By
Mary Bellis
The accredited father of the science of
electricity and magnetism was the English
scientist, William Gilbert, who was a
physician and man of learning at the court of Elizabeth. Prior to him, all
that was known of electricity and magnetism was what the ancients knew, that
the lodestone possessed magnetic properties and that amber and jet, when
rubbed, would attract bits of paper or other substances of small specific
gravity. William Gilbert's great treatise De magnete, magneticisique corporibus"
or "On the Magnet", printed in
Latin in 1600, containing the fruits of his researches and experiments for
many years, indeed provided the basis for a new science.
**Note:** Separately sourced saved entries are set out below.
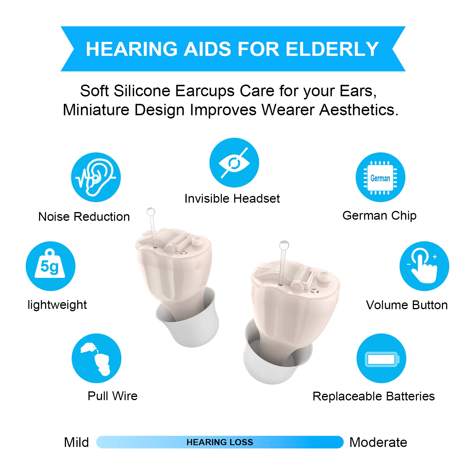 Mini apparecchi acustici ricaricabili Amplificatore audio tono ITE regolabile Anziani non udenti portatili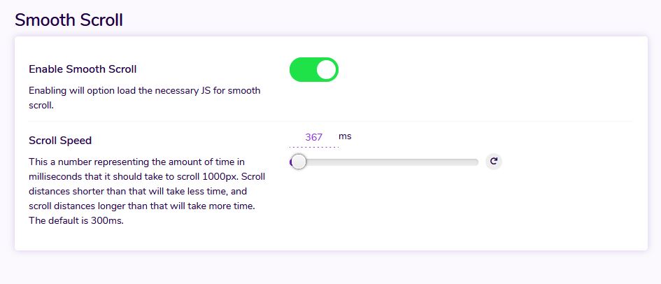 If you activate Smooth Scroll, the file Smooth-Scroll.js is loaded, which enables so-called on-page designs to be created.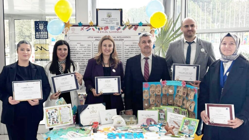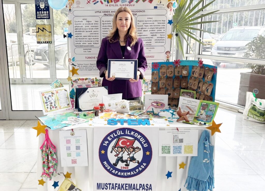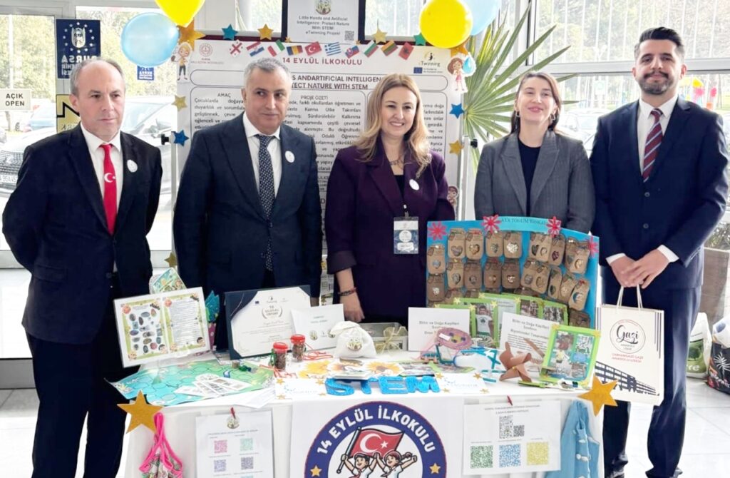 16. eTwinning Ulusal Konferansı’na davet edilen ‘Little Hands and Artificial Intelligence: Protect Nature with STEM’ adlı eTwinning projesinin kurucusu Ezel Tuna’nın proje standı Bursa Milli Eğitim Müdürü Gürhan Çokgezer, Mustafakemalpaşa Milli Eğitim Müdürü Veysel Çalık ve Mustafakemalpaşa görev yapan eTwinner öğretmenler tarafından ziyaret edildi.
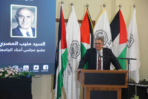 ووجّه السيد المصري في كلمته شكره لأسرة جامعة القدس ممثلة ًبرئيسها أ.د. عماد أبو كشك على حفاوة الاستقبال والتكريم له ولعائلته قائلاً: "إنه لشرف عظيم أن أكون اليوم في جامعة القدس برفقة أسرتي، هذه الجامعة العريقة التي ينبت حبها في قلوبنا جميعاً".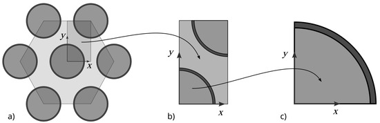 Determining the influence of the interphase on the effective thermal conductivity coefficient of composite materials filled with long fibers arranged in parallel within the matrix was carried out for a hexagonal fiber arrangement (Figure 1a). Such an arrangement of fibers provides the highest potential fiber volume fraction of the composite, reaching a value of (πr2/2)/(30.5r2) ≅ 0.907 (the maximum ratio of the area occupied by a fiber with radius r to the total area of the RVE). The analysis of such a structure can be carried out by examining the RVE (representative volume element). In the case of a hexagonal structure, this element can be represented by a rectangle containing fiber quarters, as shown in Figure 1b. The fiber elements in this structure are surrounded by an interphase of assumed constant thickness (Figure 1c).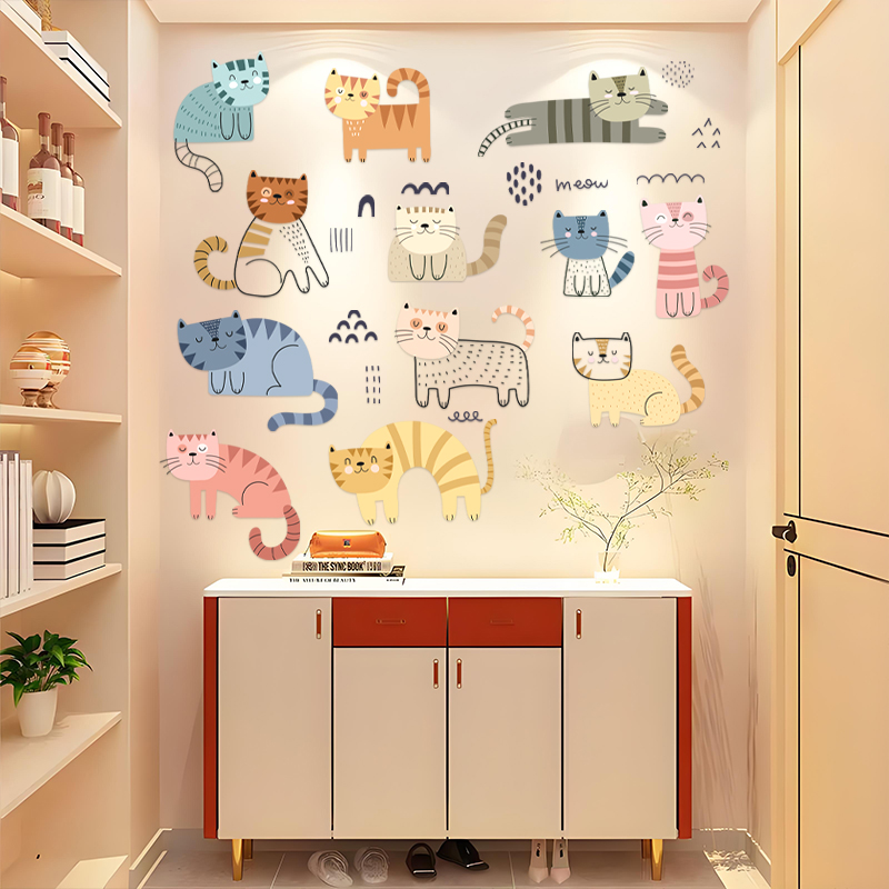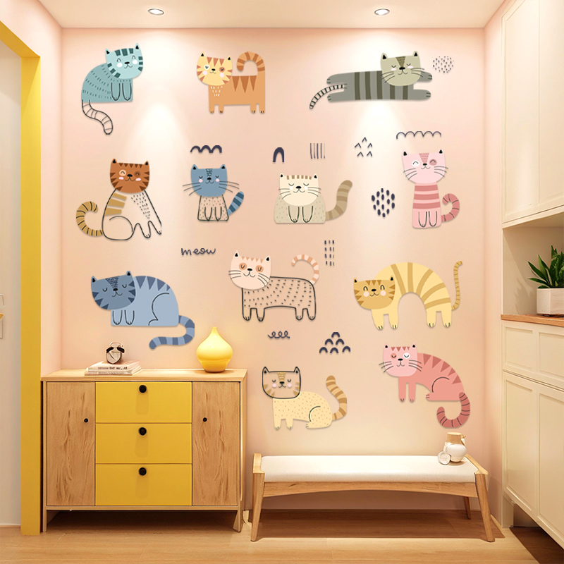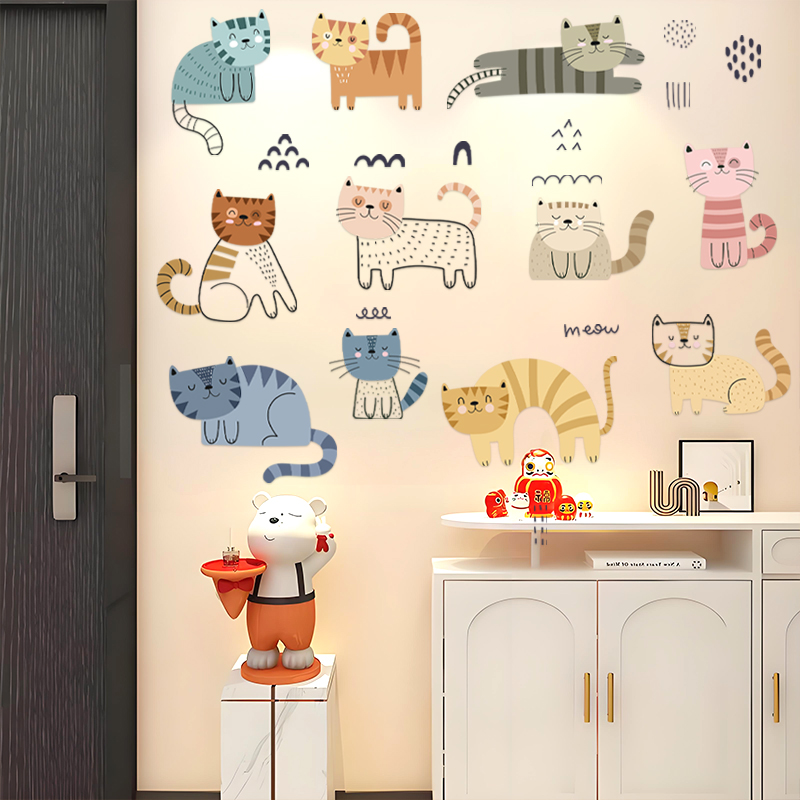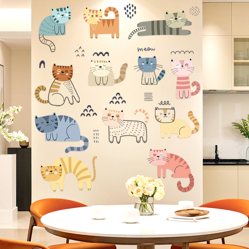 简约小清新可移除墙贴纸防水自粘卡通可爱手绘猫咪墙壁装饰儿童房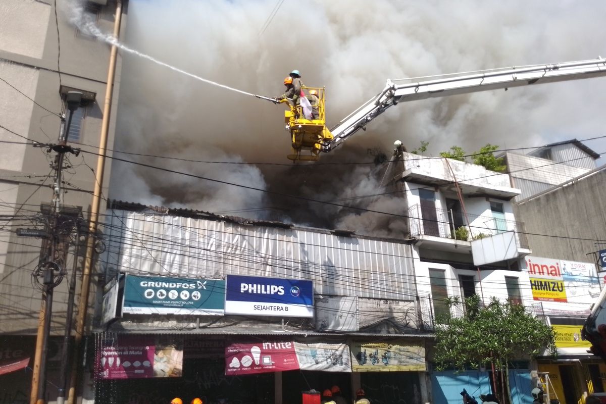 "Kami turunkan juga dari UPT untuk mempercepat pemadaman. Bangunannya cukup rapat, kanan dan kiri bangunan ada ruko lainnya sehingga khawatir merembet," ucap Gun gun.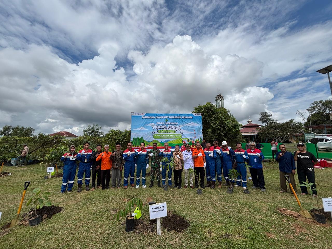Kegiatan dilanjutkan dengan penandatanganan Komitmen Bersama sebagai wujud dukungan terhadap kesiapsiagaan masyarakat. Penanaman pohon secara simbolis juga dilakukan sebagai langkah nyata dalam mendukung pelestarian lingkungan. Materi mitigasi risiko kebakaran hutan dan lahan disampaikan oleh BPBD, diikuti sosialisasi buffer zone oleh Tim HSSE Ramba Field agar masyarakat memahami jarak aman antara bangunan dengan fasilitas produksi migas.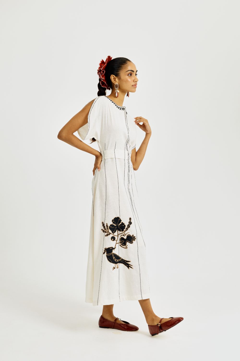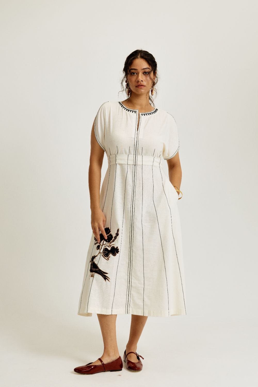 Elevated but easy -this one’s for all your "don’t-know-what-to-wear" days. The dress is cut in handwoven Kala Cotton with contrast threadwork running down the length to elongate your silhouette. Featuring our signature appliqué bird motif, this dress balances earthy craft with flattering tailoring. The structured waist panel cinches you in just right, while skirt panels add just the right amount of drama to the dress. Our product is crafted in Pune, India, using techniques of traditional embroidery. Subtle variations in patterns are natural to this process. We believe this makes each creation unique and charming. Some call it je ne sais quoi. We call it JODI. If you wish to have the length of the garment altered, please mention your request in the special instructions section at checkout, with your desired length, customisation charges may apply.

William Gilbert first coined the term "electricity" from the Greek
word for amber. Gilbert wrote about the electrification of many
substances in his "De magnete, magneticisique corporibus". He
also the first person to use the terms electric force, magnetic pole, and electric
attraction. William Gilbert was a pioneer of the experimental method and the
first to explain the magnetic
compass.
According to Dr. David P. Stern of NASA: "William
Gilbert was fascinated by magnets. Britain was a major seafaring nation in 1588
when the Spanish Armada was defeated, opening the
way to British settlement of America. British ships depended on the magnetic
compass, yet no one understood why it worked. Did
the pole star attract it (as Columbus once speculated), or was there a
magnetic mountain at the pole, which ships should would never approach, because
the sailors thought its pull would yank out all their iron nails and fittings? Did
the smell of garlic interfere with the action of the compass, which is why
helmsmen were forbidden to eat it near a ship's compass? For
nearly 20 years William Gilbert conducted ingenious experiments (among
others, making sure that garlic had no effect on compasses) to understand magnetism. Until
then, scientific experiments were not in fashion: instead, books relied on quotes of
ancient authorities that was where the myth about garlic started."